[Description of the task] Using the entries that follow, transcribe only the lines from the line with "Mai Phương, bé Lavie và hai cô bảo mẫu" to the line with "удивит как всегда", both included, exactly as they stand and without pictures.

[Working data]
Start of Block

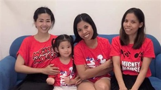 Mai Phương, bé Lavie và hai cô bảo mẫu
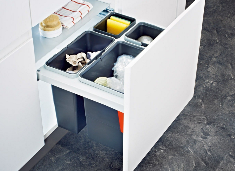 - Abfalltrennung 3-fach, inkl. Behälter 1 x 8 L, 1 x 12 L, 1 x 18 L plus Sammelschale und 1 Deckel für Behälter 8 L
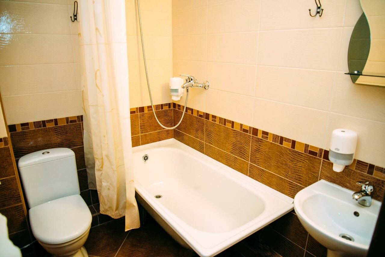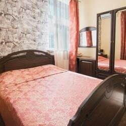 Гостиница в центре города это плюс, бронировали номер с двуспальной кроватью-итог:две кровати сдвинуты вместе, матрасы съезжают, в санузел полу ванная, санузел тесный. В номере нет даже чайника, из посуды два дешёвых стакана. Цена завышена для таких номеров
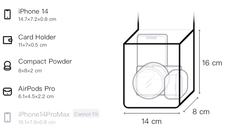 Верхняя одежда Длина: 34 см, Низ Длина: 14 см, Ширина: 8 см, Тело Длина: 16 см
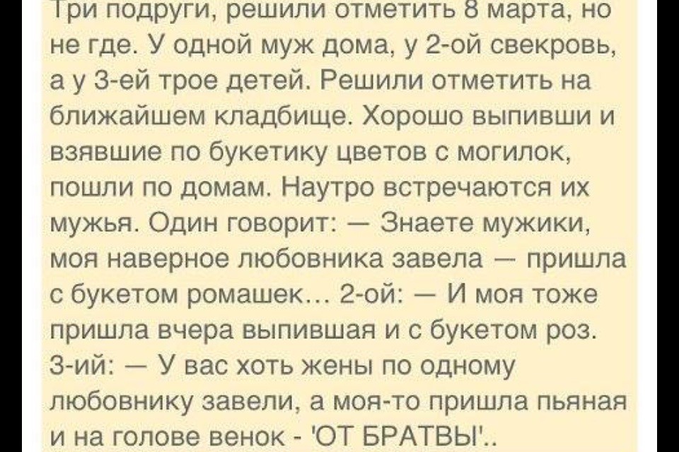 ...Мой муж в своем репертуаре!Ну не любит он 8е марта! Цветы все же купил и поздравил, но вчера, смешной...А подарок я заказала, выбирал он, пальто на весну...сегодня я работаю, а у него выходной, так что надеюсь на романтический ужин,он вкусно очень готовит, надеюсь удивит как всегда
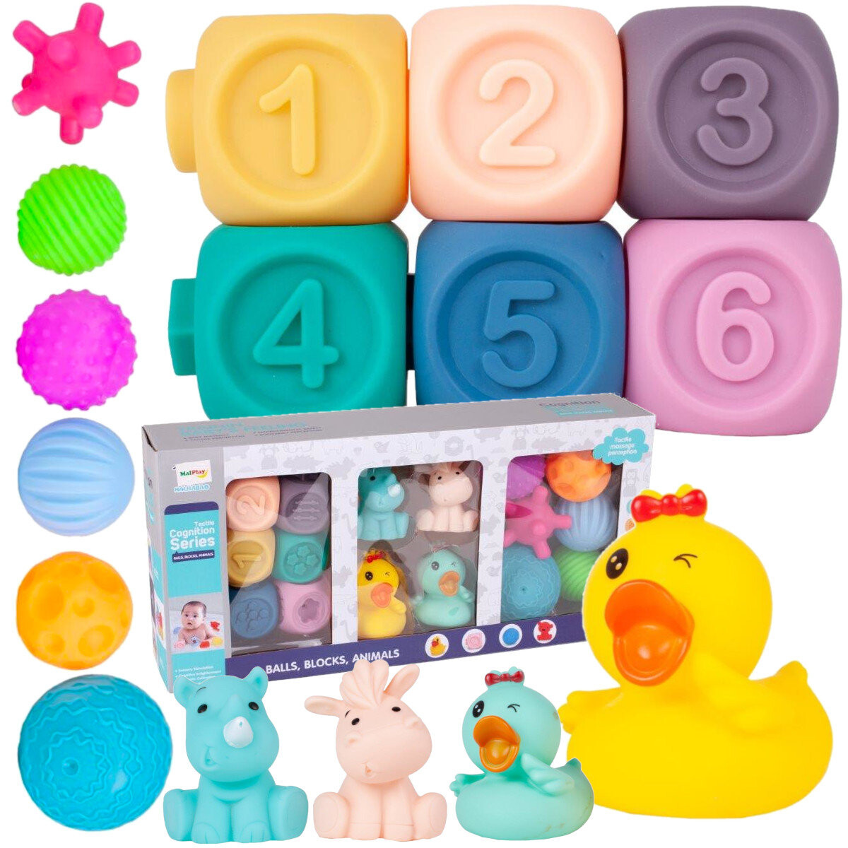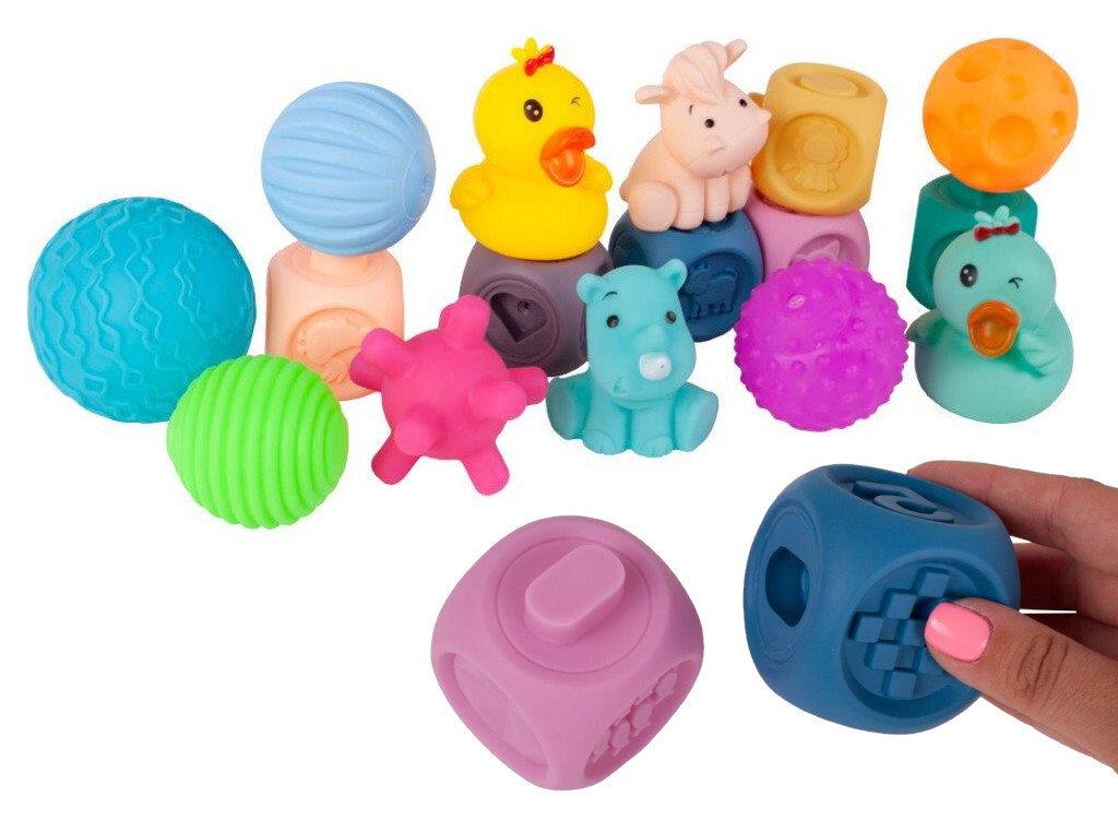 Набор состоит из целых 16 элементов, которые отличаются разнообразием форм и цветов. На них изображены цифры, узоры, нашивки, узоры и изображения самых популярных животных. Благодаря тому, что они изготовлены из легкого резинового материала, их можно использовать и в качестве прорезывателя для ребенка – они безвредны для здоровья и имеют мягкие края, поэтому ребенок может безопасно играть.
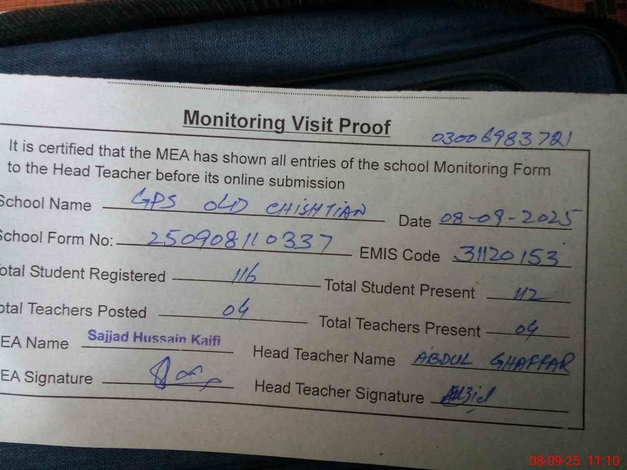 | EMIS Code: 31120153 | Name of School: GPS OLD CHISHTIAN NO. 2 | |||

End of Block
Start of Block

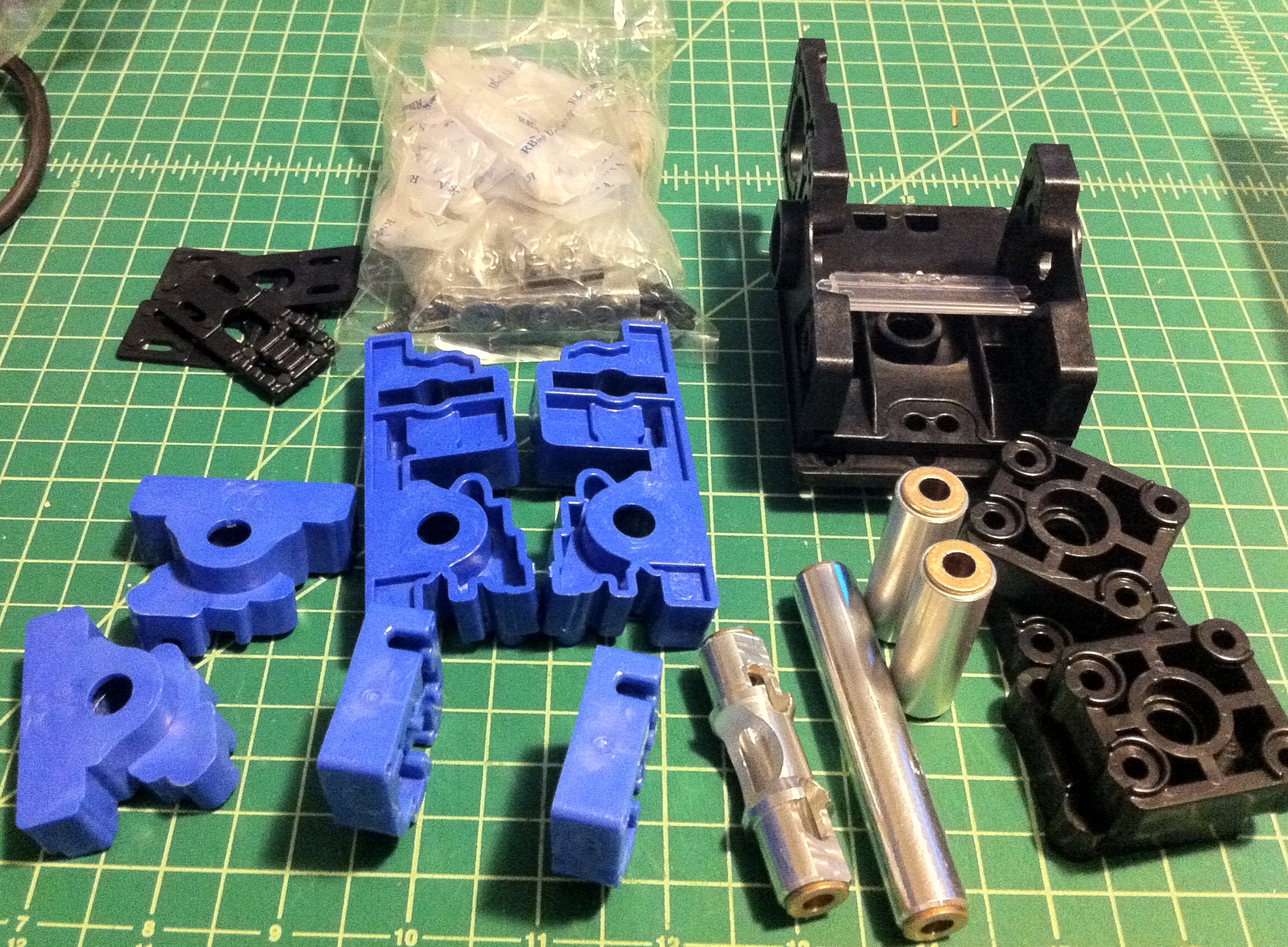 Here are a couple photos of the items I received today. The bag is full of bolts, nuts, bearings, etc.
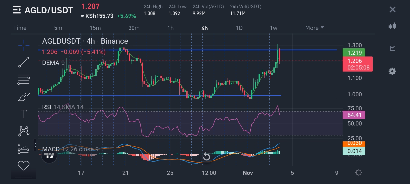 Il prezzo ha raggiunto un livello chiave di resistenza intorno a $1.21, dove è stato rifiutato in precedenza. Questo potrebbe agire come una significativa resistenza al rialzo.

End of Block

[Task answer]
 Mai Phương, bé Lavie và hai cô bảo mẫu
 - Abfalltrennung 3-fach, inkl. Behälter 1 x 8 L, 1 x 12 L, 1 x 18 L plus Sammelschale und 1 Deckel für Behälter 8 L
 Гостиница в центре города это плюс, бронировали номер с двуспальной кроватью-итог:две кровати сдвинуты вместе, матрасы съезжают, в санузел полу ванная, санузел тесный. В номере нет даже чайника, из посуды два дешёвых стакана. Цена завышена для таких номеров
 Верхняя одежда Длина: 34 см, Низ Длина: 14 см, Ширина: 8 см, Тело Длина: 16 см
 ...Мой муж в своем репертуаре!Ну не любит он 8е марта! Цветы все же купил и поздравил, но вчера, смешной...А подарок я заказала, выбирал он, пальто на весну...сегодня я работаю, а у него выходной, так что надеюсь на романтический ужин,он вкусно очень готовит, надеюсь удивит как всегда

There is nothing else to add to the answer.